Теперь я должен сделать одно признание. Сначала я написал это письмо по-другому – и уничтожил. В этом уничтоженном письме я призывал Вас – призывал от души – крепче держаться своей веры, не увлекаться «извивами и оплётами» критической философии; я писал, хоть, может быть, это и вздор, что женский разум – а он не так замутнён, более послушен голосу интуиции и менее предрасположен к искривлениям и вывертам, чем обыкновенно мужской, – возможно, он как раз и привержен истинам, которые ускользают от нас, мужчин, отвлечённых своими бесконечными вопрошаниями, этим большей частью суемудрием по привычке. «У человека может быть не меньше прав на владение истиною, чем у иного – на владение городом, и всё же он будет принуждён сдать это достояние противнику», – мудро заметил сэр Томас Браун[72], и быть орудием той силы, которая во имя своих несостоятельных притязаний принудит Вас отдать ключи от этого города, – такая роль не по мне.

Но потом я рассудил – рассудил справедливо, не так ли? – что Вам едва ли понравится, если я избавлю Вас от участия в споре на основании превосходства Вашей интуиции и оставлю поле боя.
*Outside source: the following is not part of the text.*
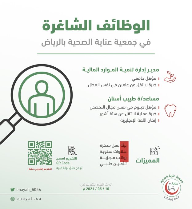 جمعية عناية الصحيةتعلن (جمعية عناية الصحية) عبر حسابها الرسمي على (تويتر) عن توفر وظائف شاغرة للعمل في (الرياض)، واشترطت ان يكون المتقدم سعودي الجنسية، وذلك وفقاً للتفاصيل والشروط الآتية.

Не пойму, отчего мне пришла эта мысль, не пойму, как я догадался, но поручиться готов, что это так, а значит, не вправе я, беседуя с Вами, отделываться недомолвками, хуже того: не вправе из приличий обходить молчанием столь важный предмет. Вы, должно быть, заметили – с Вашим зорким умом не заметить! – что нигде в этом письме нет и намёка на то, что я разделяю бесхитростные, может, наивные взгляды юного сочинителя «Рагнарёка». Но если я изложу свои взгляды – что-то Вы обо мне подумаете? Будете ли Вы и впредь писать мне столь же откровенно? Не знаю. Но знаю, что во мне говорит потребность высказаться начистоту.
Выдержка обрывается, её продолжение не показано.